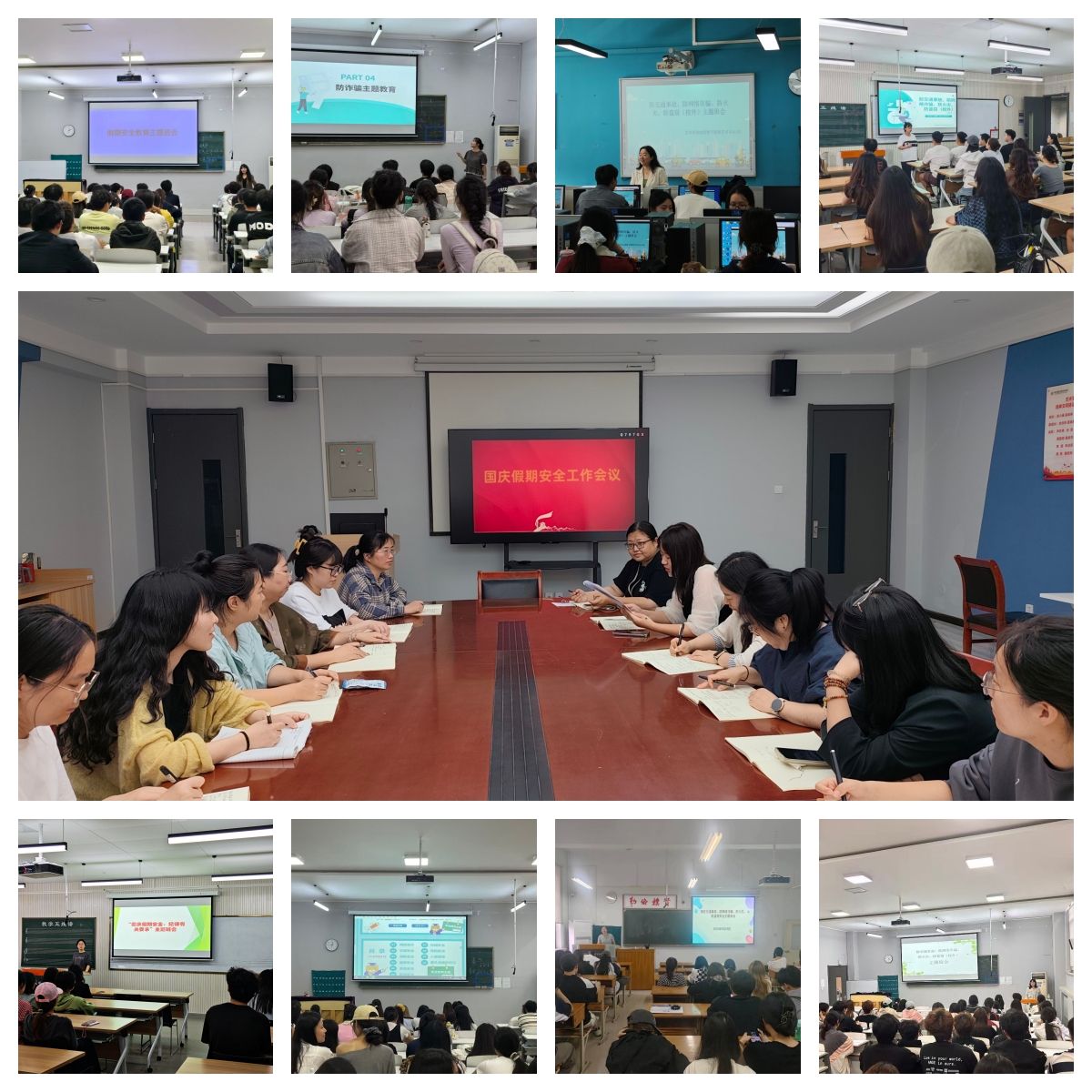 国庆假期将至,为切实增强员工安全意识,保障员工人身财产安全,为筑牢国庆假期安全防线,确保各项工作落实到位,yL23411永利集团官网于节前组织召开了国庆假期安全专题工作会议,全面部署假期安全稳定工作。会后,全院各班级积极响应,迅速召开了以“防交通事故、防网络诈骗、防火灾、防盗窃(校外)”为核心内容的安全主题班会。
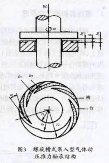 氣體渦輪流量計(jì)中軸承是在氣體潤(rùn)滑理論基礎(chǔ)上發(fā)展起來(lái)的種非接觸式軸承,與普通的滾動(dòng)軸承有著本質(zhì)上的區(qū)別,分為靜壓式氣體和動(dòng)壓式氣體軸承。靜壓式氣體軸承是利用外部供氣推動(dòng)氣體靜壓的承載部分,在兩個(gè)運(yùn)動(dòng)副之間產(chǎn)生間隙,達(dá)到無(wú)摩擦運(yùn)動(dòng)。動(dòng)壓式氣體軸承不需要外部供氣,而是利用其內(nèi)部的氣體,兩個(gè)運(yùn)動(dòng)副之間相對(duì)進(jìn)行轉(zhuǎn)動(dòng),依靠轉(zhuǎn)動(dòng)迫使運(yùn)動(dòng)副之間的氣體進(jìn)行壓縮,產(chǎn)生支撐承載部分的動(dòng)力,使兩個(gè)運(yùn)動(dòng)副之間產(chǎn)生間隙,達(dá)到支撐的目的。我們?cè)谶@里所引人的就是一種螺旋槽式泵人型氣體動(dòng)壓推力軸承的設(shè)計(jì)(圖3)。
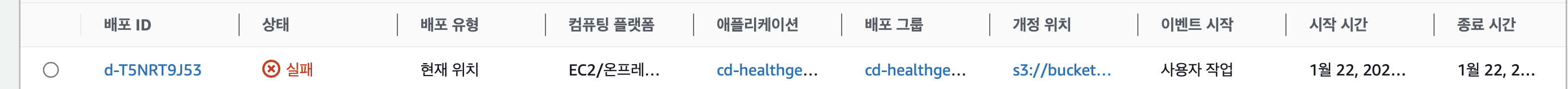 배포 실패 해당 배포 ID 를 들어가면
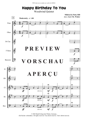Happy Birthday To You - Noten fĂŒr HolzblĂ€serquintett Mildred Hill/Patty Hill
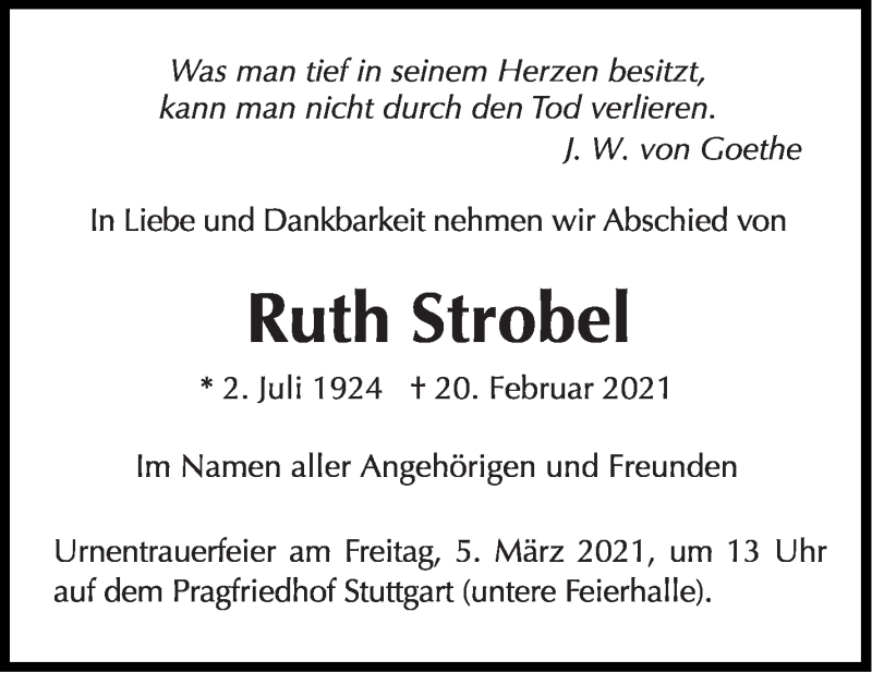 Hier finden Sie alle Traueranzeigen aus der Zeitung, die bisher für Ruth Strobel erschienen sind. Weitere Traueranzeigen, die in der Zeitung erscheinen, werden hier ebenfalls aufgelistet
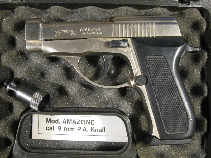 Schreckschusspistole 9mm "Amazone" in silber, mit originalem Koffer, Abschussbecher, Betriebsanleitung (darin auch Zerlegungsanleitung und Explosionszeichnung / Ersatzteilliste mit Ersatzteilnummern). Wenig gebraucht, alles funktionsfähig. Verkauf von privat ohne Gewährleistung / Garantie / Rückgabe. Käufer trägt an Versandkosten nur das versicherte Paketporto. Versand erst nach Altersnachweis möglich!
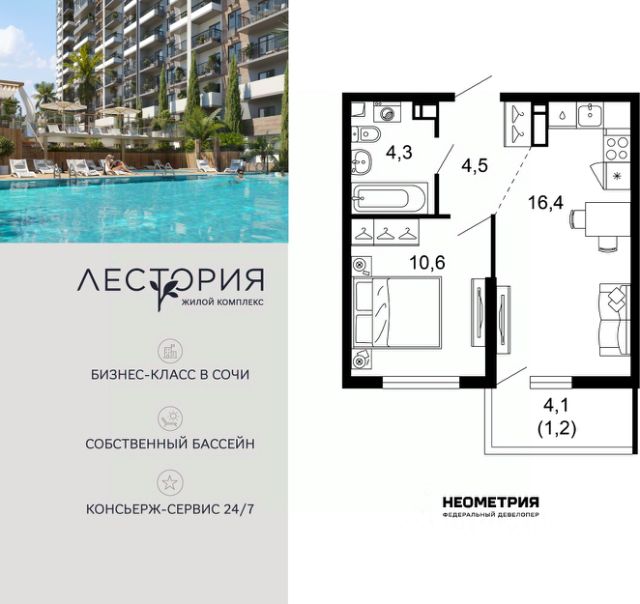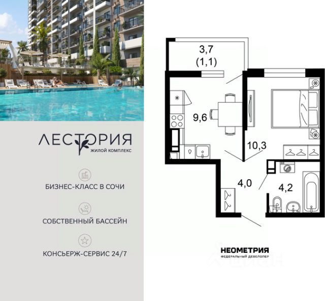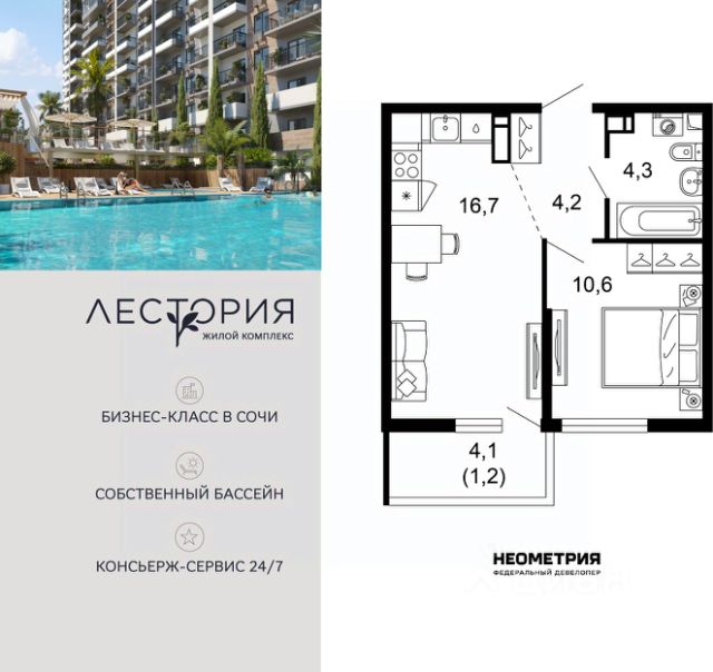 Продается квартира в жилом комплексе бизнес-класса "Лестория". В составе ЖК предусмотрена собственная аквазона площадью 473 квадратных метра с двумя подогреваемыми бассейнами, что соответствуют стандартам бизнес-класса. Аквазона объединяет взрослый и детский бассейны. В welcome-zone к услугам посетителей шезлонги и все необходимые принадлежности. Раздевалки с душевыми комнатами, инфракрасная сауна — здесь все предусмотрено для комфортного отдыха и полного расслабления. Для водного комплекса продуман отдельный вход, оборудованный системой контроля и управления доступом (СКУД). Аквазона только часть уникальной инфраструктуры "Лестории", которая включает в себя также благоустроенную территорию с пятьюдесятью функциональными зонами для прогулок, отдыха и занятий спортом, видовые террасы на крышах для отдыха, работы и встреч с друзьями, а также пространство набережной Кудепсты с шезлонгами и перголами. Жилой комплекс "Лестория" состоит из шести домов высотностью от 15 до 17 этажей, окружённых зеленым массивом национального парка. На придомовой территории для жителей предусмотрены закрытые дворы с круглосуточным видеонаблюдением, активити-центр для детей и подростков, тихие зоны для отдыха и медитации. На крышах домов будут созданы зеленые террасы для наслаждения прекрасными видами на море и горы. В проекте предусмотрены разные варианты отделки квартир под потребности покупателей. Тем, кто хочет воплотить в жизнь собственные интерьерные задумки, подойдут квартиры без ремонта. Для комфортной жизни и отдыха в комплексе будет работать круглосуточный консьерж-сервис уровня 5*, который с легкостью закроет все ежедневные потребности: от заказа продуктов и встречи гостей в аэропорту до выгула и дрессировки питомца. К услугам жителей ЖК "Лестория" — собственная управляющая компания, для инвесторов предоставляются услуги доверительного управления. #2ME7f8
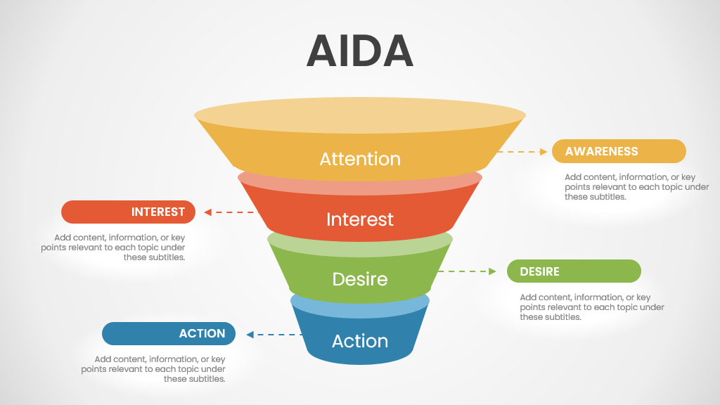 This structured method makes it easier to develop content while providing a logical sequence that advances prospects through the funnel. AIDA proves useful in sales presentations together with email campaigns and landing pages because it effectively guides attention. The framework can be easily implemented through Free PowerPoint Templates which enable marketers to create professional presentations quickly.
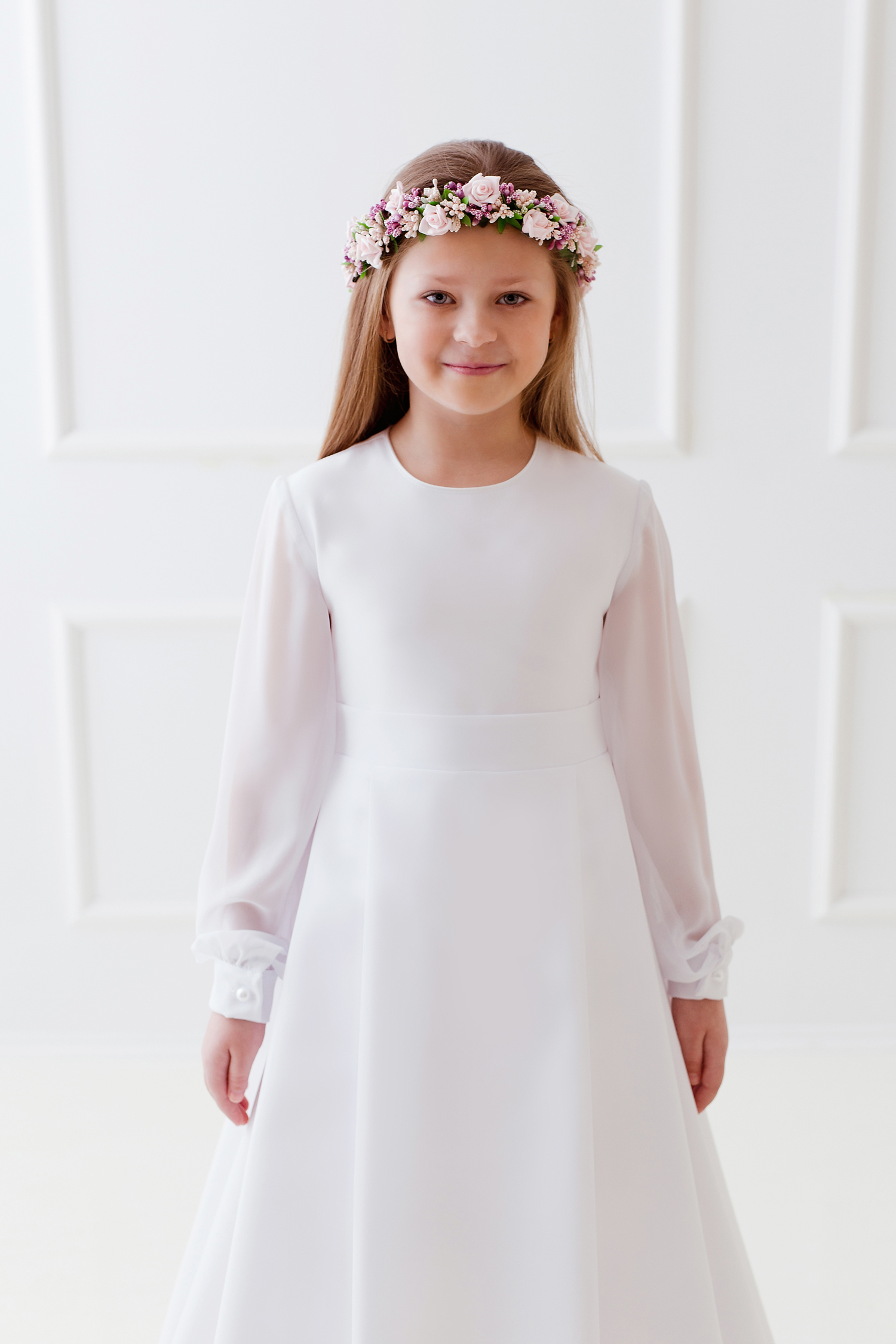 Sukienka odcinana w pasie, dół z zakładkami. Rękaw długi, szyfonowy w mankiet. Z tyłu kokarda do wywiązania. Halka z tiulem od pasa (z możliwością włożenia koła). Pod sukienkę sugerujemy założyć podkoszulek na ramiączka. Tkanina stretch oraz szyfon.

********************

» Aim of the exercise:
The reply must hold every line above exactly as written and none of the pictures.

» Written answer:
 国庆假期将至,为切实增强员工安全意识,保障员工人身财产安全,为筑牢国庆假期安全防线,确保各项工作落实到位,yL23411永利集团官网于节前组织召开了国庆假期安全专题工作会议,全面部署假期安全稳定工作。会后,全院各班级积极响应,迅速召开了以“防交通事故、防网络诈骗、防火灾、防盗窃(校外)”为核心内容的安全主题班会。
 氣體渦輪流量計(jì)中軸承是在氣體潤(rùn)滑理論基礎(chǔ)上發(fā)展起來(lái)的種非接觸式軸承,與普通的滾動(dòng)軸承有著本質(zhì)上的區(qū)別,分為靜壓式氣體和動(dòng)壓式氣體軸承。靜壓式氣體軸承是利用外部供氣推動(dòng)氣體靜壓的承載部分,在兩個(gè)運(yùn)動(dòng)副之間產(chǎn)生間隙,達(dá)到無(wú)摩擦運(yùn)動(dòng)。動(dòng)壓式氣體軸承不需要外部供氣,而是利用其內(nèi)部的氣體,兩個(gè)運(yùn)動(dòng)副之間相對(duì)進(jìn)行轉(zhuǎn)動(dòng),依靠轉(zhuǎn)動(dòng)迫使運(yùn)動(dòng)副之間的氣體進(jìn)行壓縮,產(chǎn)生支撐承載部分的動(dòng)力,使兩個(gè)運(yùn)動(dòng)副之間產(chǎn)生間隙,達(dá)到支撐的目的。我們?cè)谶@里所引人的就是一種螺旋槽式泵人型氣體動(dòng)壓推力軸承的設(shè)計(jì)(圖3)。
 배포 실패 해당 배포 ID 를 들어가면
Happy Birthday To You - Noten fĂŒr HolzblĂ€serquintett Mildred Hill/Patty Hill
 Hier finden Sie alle Traueranzeigen aus der Zeitung, die bisher für Ruth Strobel erschienen sind. Weitere Traueranzeigen, die in der Zeitung erscheinen, werden hier ebenfalls aufgelistet
 Schreckschusspistole 9mm "Amazone" in silber, mit originalem Koffer, Abschussbecher, Betriebsanleitung (darin auch Zerlegungsanleitung und Explosionszeichnung / Ersatzteilliste mit Ersatzteilnummern). Wenig gebraucht, alles funktionsfähig. Verkauf von privat ohne Gewährleistung / Garantie / Rückgabe. Käufer trägt an Versandkosten nur das versicherte Paketporto. Versand erst nach Altersnachweis möglich!
 Продается квартира в жилом комплексе бизнес-класса "Лестория". В составе ЖК предусмотрена собственная аквазона площадью 473 квадратных метра с двумя подогреваемыми бассейнами, что соответствуют стандартам бизнес-класса. Аквазона объединяет взрослый и детский бассейны. В welcome-zone к услугам посетителей шезлонги и все необходимые принадлежности. Раздевалки с душевыми комнатами, инфракрасная сауна — здесь все предусмотрено для комфортного отдыха и полного расслабления. Для водного комплекса продуман отдельный вход, оборудованный системой контроля и управления доступом (СКУД). Аквазона только часть уникальной инфраструктуры "Лестории", которая включает в себя также благоустроенную территорию с пятьюдесятью функциональными зонами для прогулок, отдыха и занятий спортом, видовые террасы на крышах для отдыха, работы и встреч с друзьями, а также пространство набережной Кудепсты с шезлонгами и перголами. Жилой комплекс "Лестория" состоит из шести домов высотностью от 15 до 17 этажей, окружённых зеленым массивом национального парка. На придомовой территории для жителей предусмотрены закрытые дворы с круглосуточным видеонаблюдением, активити-центр для детей и подростков, тихие зоны для отдыха и медитации. На крышах домов будут созданы зеленые террасы для наслаждения прекрасными видами на море и горы. В проекте предусмотрены разные варианты отделки квартир под потребности покупателей. Тем, кто хочет воплотить в жизнь собственные интерьерные задумки, подойдут квартиры без ремонта. Для комфортной жизни и отдыха в комплексе будет работать круглосуточный консьерж-сервис уровня 5*, который с легкостью закроет все ежедневные потребности: от заказа продуктов и встречи гостей в аэропорту до выгула и дрессировки питомца. К услугам жителей ЖК "Лестория" — собственная управляющая компания, для инвесторов предоставляются услуги доверительного управления. #2ME7f8
 This structured method makes it easier to develop content while providing a logical sequence that advances prospects through the funnel. AIDA proves useful in sales presentations together with email campaigns and landing pages because it effectively guides attention. The framework can be easily implemented through Free PowerPoint Templates which enable marketers to create professional presentations quickly.
 Sukienka odcinana w pasie, dół z zakładkami. Rękaw długi, szyfonowy w mankiet. Z tyłu kokarda do wywiązania. Halka z tiulem od pasa (z możliwością włożenia koła). Pod sukienkę sugerujemy założyć podkoszulek na ramiączka. Tkanina stretch oraz szyfon.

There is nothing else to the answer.